To evaluate the safety and efficacy of pirtobrutinib in previously treated CLL/SLL.

BRUIN is a phase 1/2 multicenter study (NCT03740529) of oral pirtobrutinib monotherapy in pts with advanced B-cell malignancies who have received ≥ 2 prior therapies. Primary objective for phase 1: determine the RP2D. Primary objective of phase 2: ORR. Secondary objectives included DoR, PFS, OS, safety and tolerability and pharmacokinetics.

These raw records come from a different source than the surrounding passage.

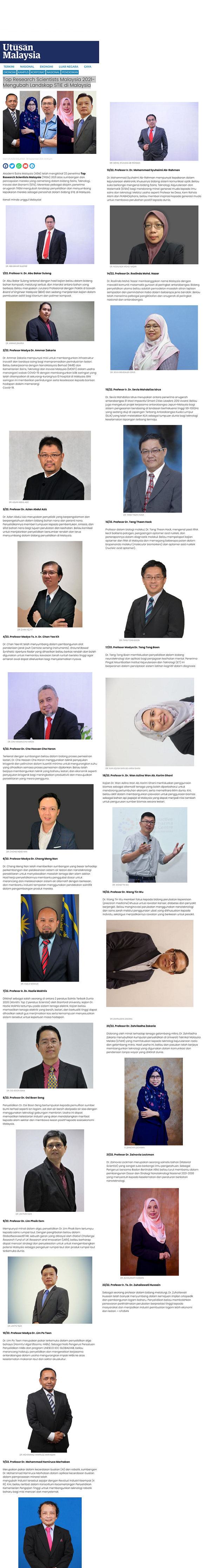 Top Research Scientists Malaysia 2021-Mengubah Landskap STIE di Malaysia
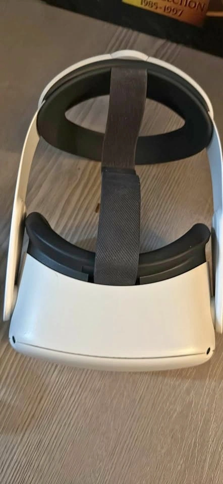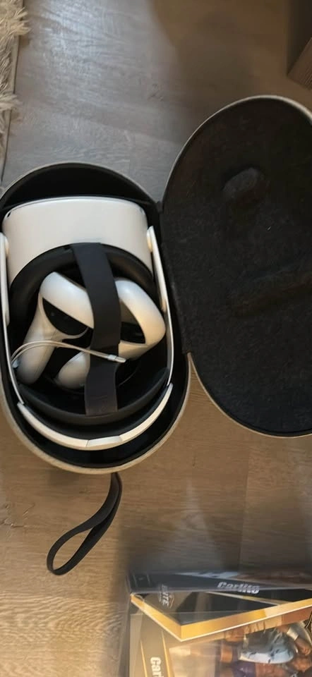 Cool Meta Quest 2 VR set for sale. Comes with the headset, two controllers, and a travel case. Everything you need for virtual reality gaming.
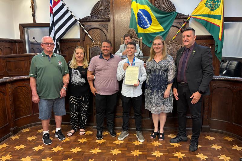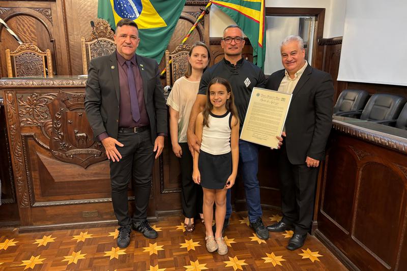 O vereador Junior Lokadora (Podemos) presidiu a cerimônia, que também contou com a presença de Pastor Bira (Podemos). Já a entrega da homenagem coube ao proponente da moção.
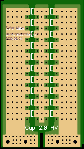 Last pcb done, its the low esr ceramic capacitor module, the pcb has 20 x 2 series in parallel to give me a higher voltage rating. Even good quality electrolytic's dont absorb high frequency spikes, the small module placed across the output caps makes quite a difference to the amount of EMI produced. I have a reel of 1000 1uf 100v caps and want to continue using them; the 250 volt and above 1uf ceramic caps are expensive, ones on AliExpress are most likely not voltage rated and not recommended here. Placing them is series has certain advantages if one shorts out, as the other prevents a melt down, when they short they usually burn holes in your pcb as they continue conducting current as they carbonize up. Placing them on a small pcb allows easy removal if this happens. All gerbers have been sent for manufacture, cannot wait... Cheers Mike |
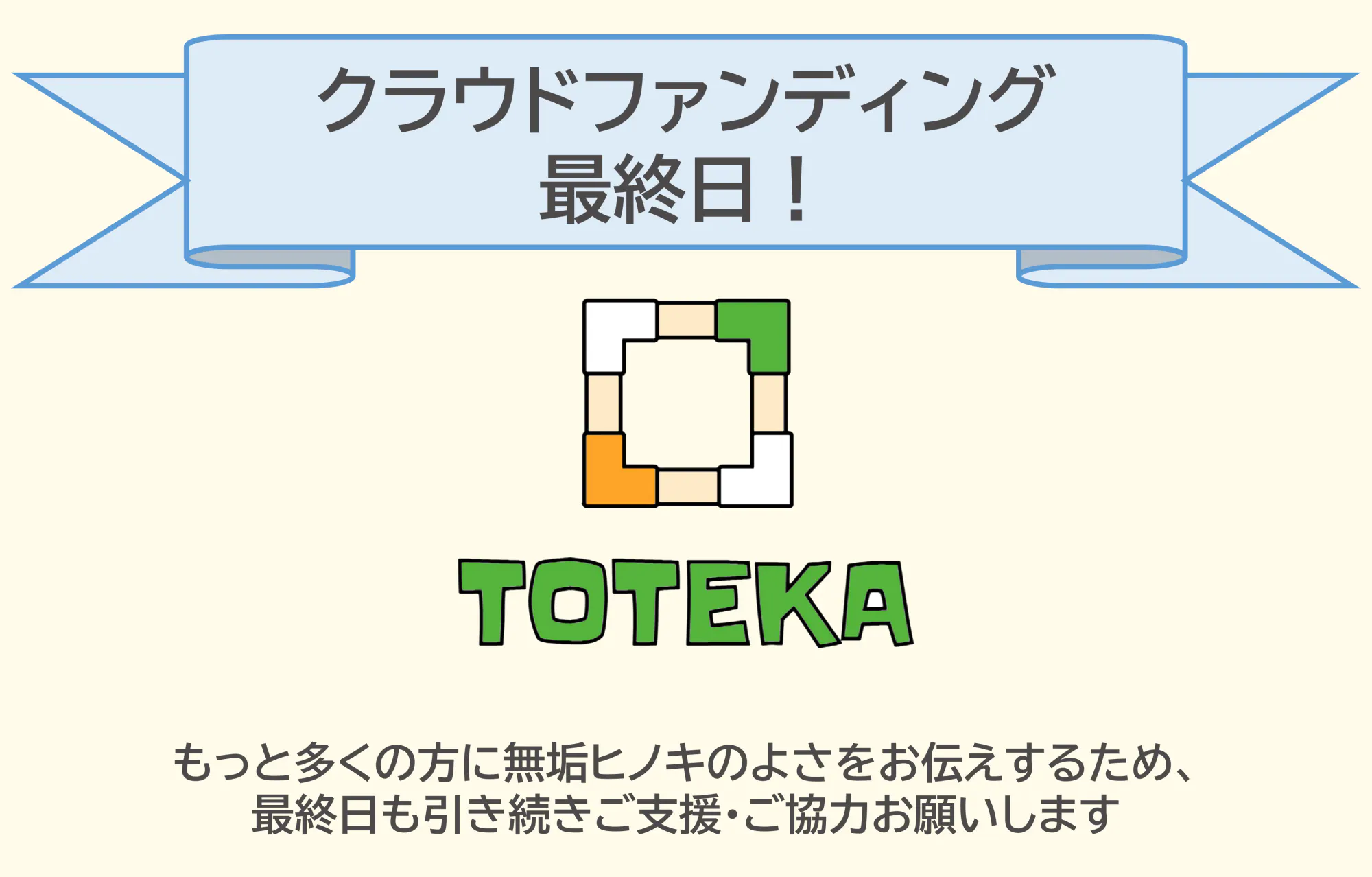 2021/11/30 08:26皆さま、おはようございます。私たちのプロジェクトもついにクラウドファンディング最終日を迎えました。これまでご支援いただいた皆さま、本当にありがとうございます。先日、あるイベントでTOTEKAワークショップを開催したところ、大変多くの方に楽しんでいただくことができました。アンケートを実施したところ、香りや手触りについて無垢のヒノキの良さも十分感じていただけました。みんなでワイワイ、ひとりでじっくり、大人でも子供でもいろんな楽しみ方がある木の棚おもちゃです。できる限り多くの皆さまに無垢の木とTOTEKAの良さを知って頂きたいと思っております。拡散にご協力、そしてご支援のほど、最終日もどうぞよろしくお願いいたします! もっと見る
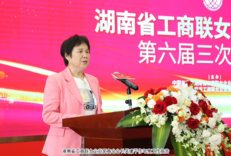 會(huì)上,湖南省工商聯(lián)女企業(yè)家商會(huì)會(huì)長(zhǎng)吳建平作年度工作報(bào)告。她在報(bào)告中對(duì)2020年以來商會(huì)開展的工作進(jìn)行了回顧總結(jié),對(duì)商會(huì)2021年的總體工作進(jìn)行了規(guī)劃部署。并對(duì)在新冠肺炎疫情阻擊戰(zhàn)中各位理事、會(huì)員敢于奉獻(xiàn)、互助友愛、團(tuán)結(jié)進(jìn)步的志愿服務(wù)精神進(jìn)行了表彰和贊揚(yáng)。
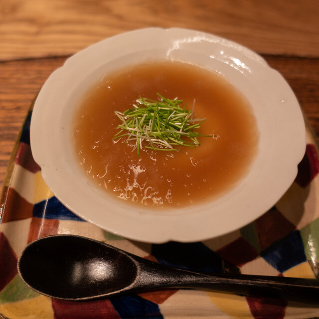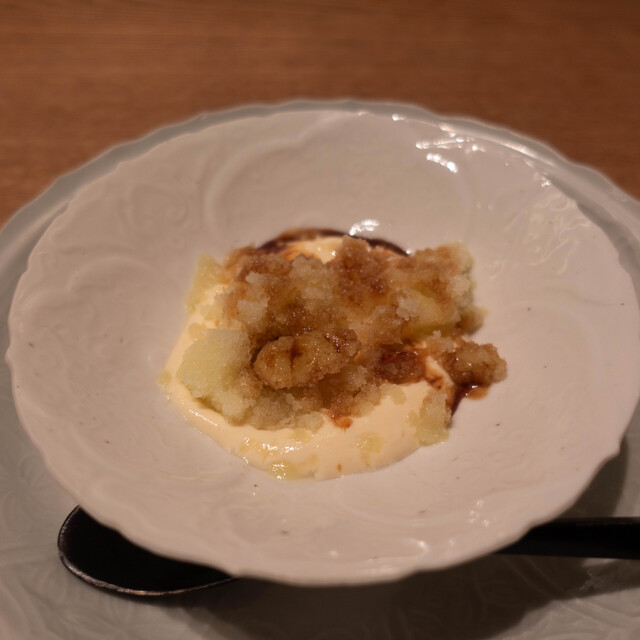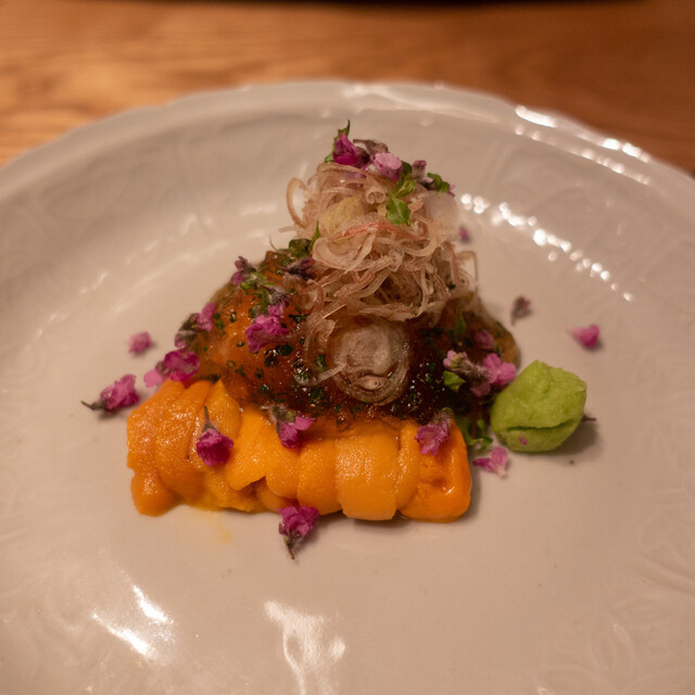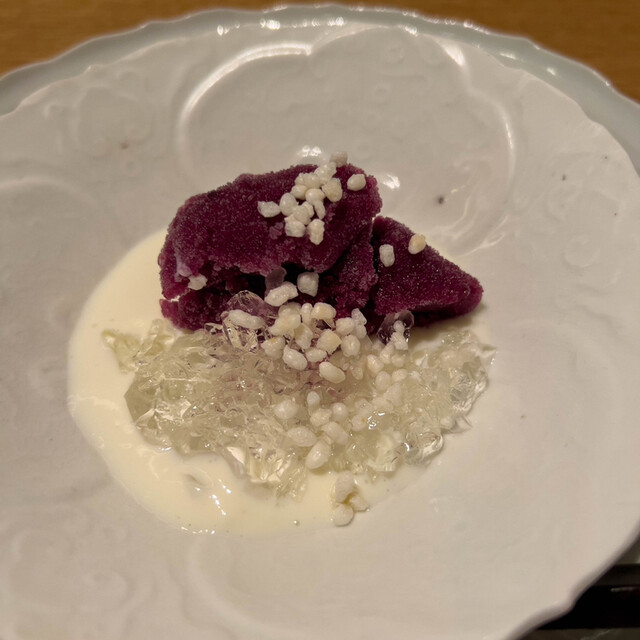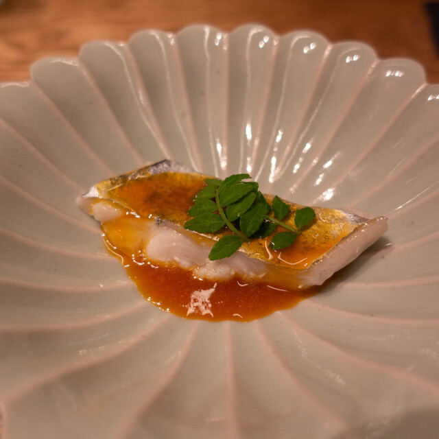 コロナ自粛で一回飛んで久々の訪問。BGMはなく、代わりに微かな水の流れる音。小泉さんのヘアスタイルが変わっていた。いつも新鮮な驚きのある料理。小泉流ますます好調。昼の回も増えて仕込みなど大変かと思う。

As of 27 Sept 2020, 323 pts with B-cell malignancies (170 CLL/SLL, 61 MCL, 26 WM, 26 DLBCL, 13 MZL, 12 FL, 9 RT and 6 other) were treated on 7 dose levels (25-300mg QD). Median number of prior lines of therapies=3 (1-11). No DLTs were reported and MTD was not reached (n = 323). 200mg QD was selected as RP2D. Fatigue (20%), diarrhea (17%) and contusion (13%) were the most frequent TEAEs regardless of attribution or grade seen in ≥ 10% pts. Most common AE of grade ≥3 was neutropenia (10%). 139 CLL/SLL pts were efficacy-evaluable with a median follow up time of 6 months (0.16-17.8+). ORR was 63% (95%CI 55-71) with 69 PRs (50%), 19 PR-Ls (14%), 45 SDs (32%) and 1 PD (1%), and 5 (4%) discontinued prior to first response assessment. Among 121 BTKi pretreated pts, ORR was 62% (95%CI 53-71). Responses deepened over time with an ORR of 86% among pts with ≥ 10 months follow-up. ORR was similar in pts who discontinued prior BTKi due to progression (67%), or adverse events or other reasons (52%). Of 88 responding pts, all except 5 remained on therapy.

Pirtobrutinib demonstrated promising efficacy in heavily pretreated CLL/SLL pts. Pirtobrutinib was well tolerated and exhibited a wide therapeutic index. Updated data, including approximately 100 new pts with CLL and an additional 10 months since the prior data cut will be presented. Previously presented at the American Society of Hematology - 63rd Annual Meeting.